SOURCE DATA below:
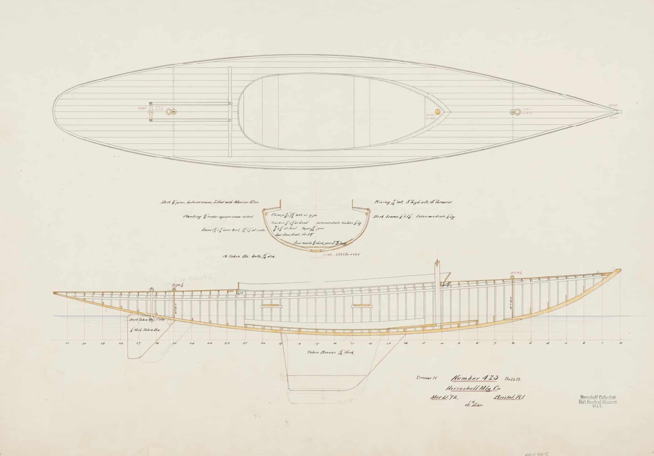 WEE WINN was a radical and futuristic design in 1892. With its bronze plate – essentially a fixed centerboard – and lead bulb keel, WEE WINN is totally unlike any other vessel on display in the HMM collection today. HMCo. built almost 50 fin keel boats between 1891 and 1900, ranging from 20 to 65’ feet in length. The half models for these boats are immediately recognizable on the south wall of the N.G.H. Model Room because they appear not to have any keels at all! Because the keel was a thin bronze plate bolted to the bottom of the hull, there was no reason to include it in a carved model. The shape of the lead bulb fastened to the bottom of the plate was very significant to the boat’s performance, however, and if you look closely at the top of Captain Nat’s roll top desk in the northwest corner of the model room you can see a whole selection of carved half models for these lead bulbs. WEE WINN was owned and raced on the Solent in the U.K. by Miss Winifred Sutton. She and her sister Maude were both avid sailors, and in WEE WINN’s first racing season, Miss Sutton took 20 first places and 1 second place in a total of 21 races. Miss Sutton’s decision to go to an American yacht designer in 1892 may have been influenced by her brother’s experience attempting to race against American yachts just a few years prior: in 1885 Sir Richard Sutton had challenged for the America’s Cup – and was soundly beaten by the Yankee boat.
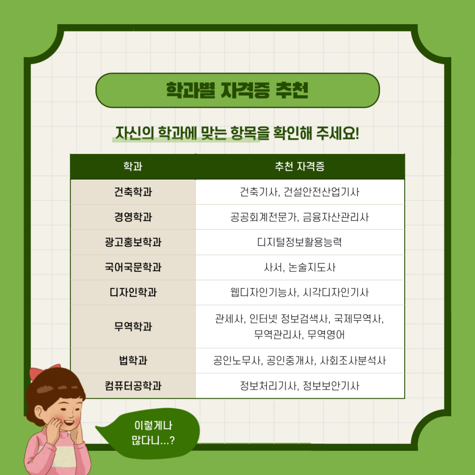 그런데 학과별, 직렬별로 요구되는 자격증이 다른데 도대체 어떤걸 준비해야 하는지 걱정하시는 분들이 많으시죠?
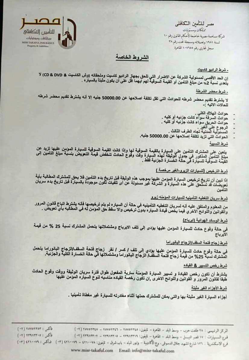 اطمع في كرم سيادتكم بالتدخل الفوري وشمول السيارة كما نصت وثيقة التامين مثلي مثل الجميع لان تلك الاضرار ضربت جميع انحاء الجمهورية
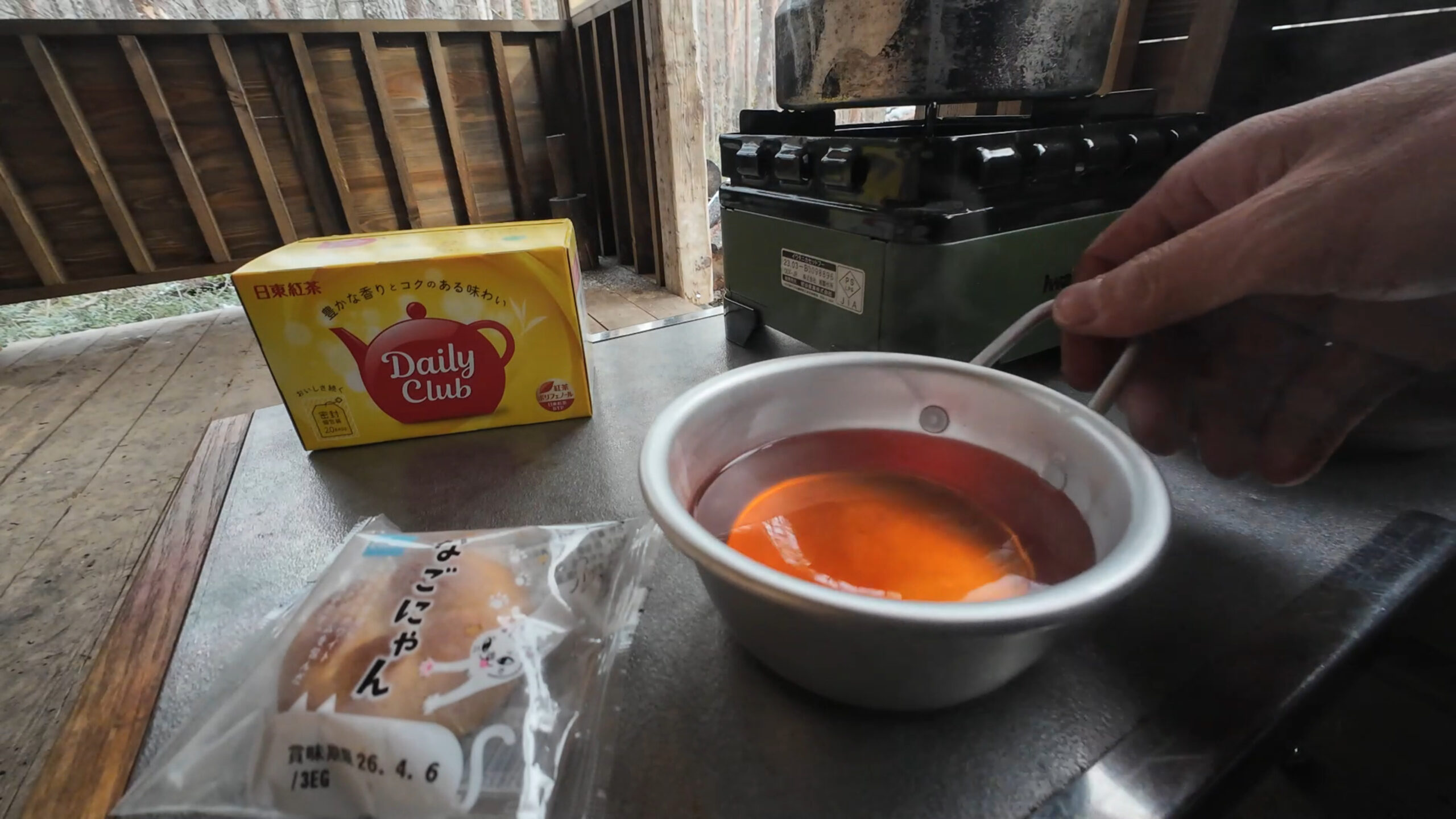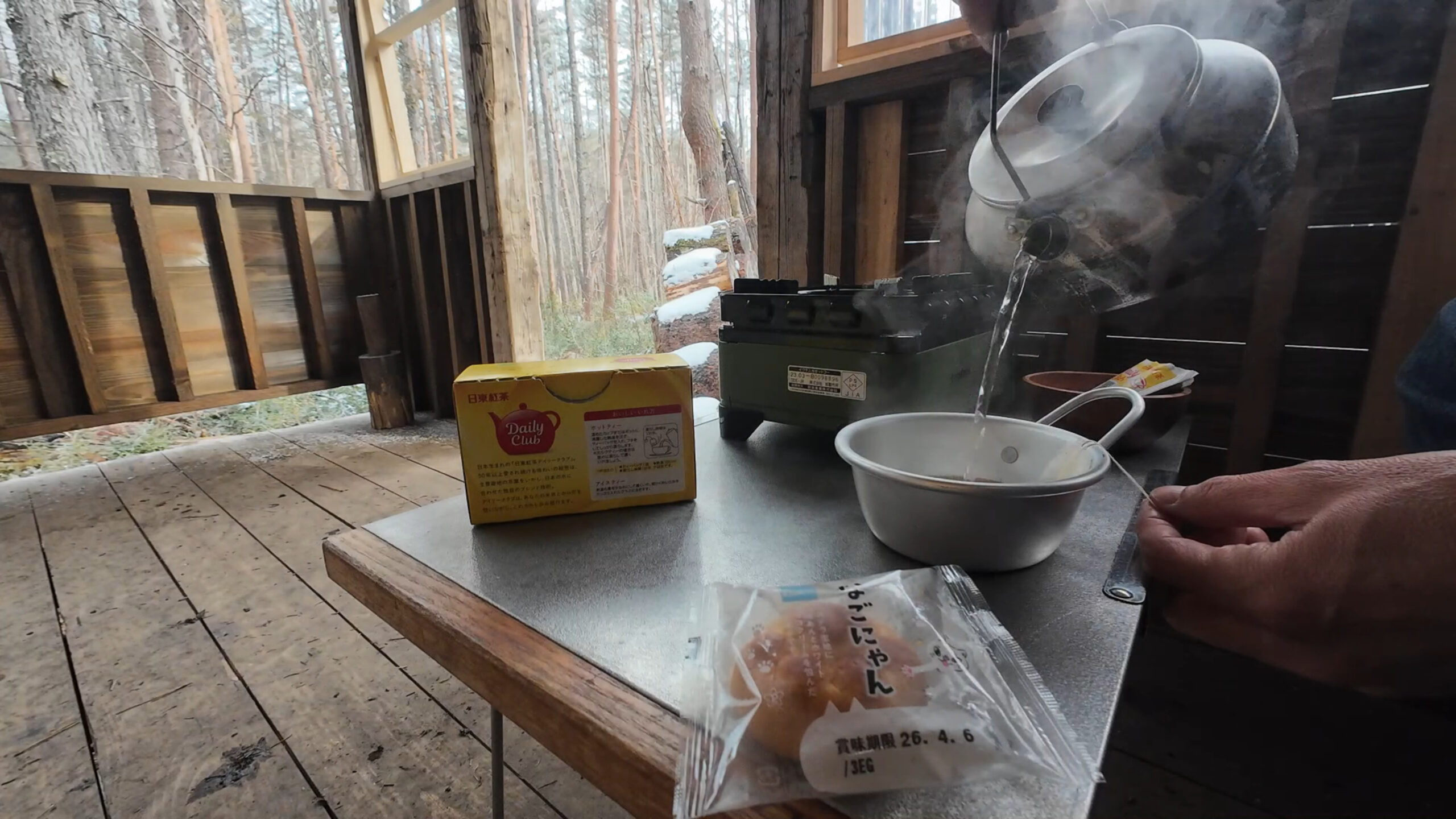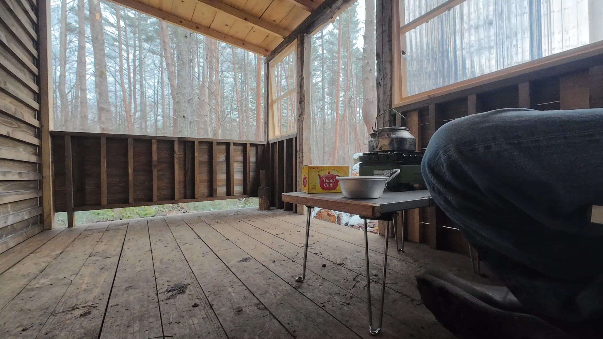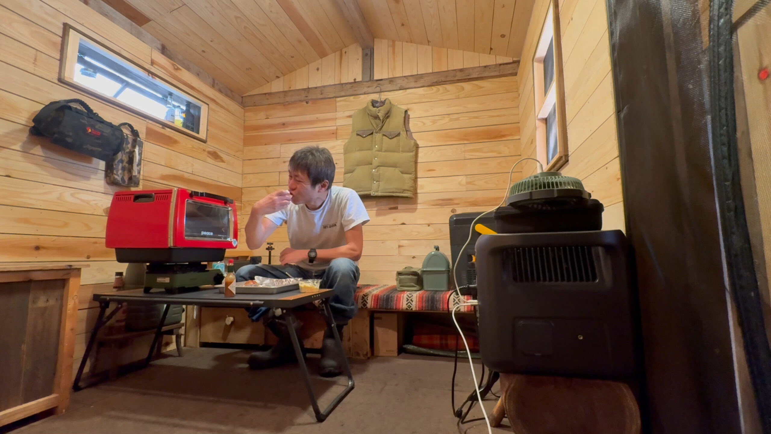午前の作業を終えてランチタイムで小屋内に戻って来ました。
End of SOURCE DATA.
> _PROBLEM DESCRIPTION_
Which lines fall between the one containing "그런데 학과별, 직렬별로" and the last line of the listing, both included? Give them again exactly, without the pictures.

> _SOLUTION_
 그런데 학과별, 직렬별로 요구되는 자격증이 다른데 도대체 어떤걸 준비해야 하는지 걱정하시는 분들이 많으시죠?
 اطمع في كرم سيادتكم بالتدخل الفوري وشمول السيارة كما نصت وثيقة التامين مثلي مثل الجميع لان تلك الاضرار ضربت جميع انحاء الجمهورية
午前の作業を終えてランチタイムで小屋内に戻って来ました。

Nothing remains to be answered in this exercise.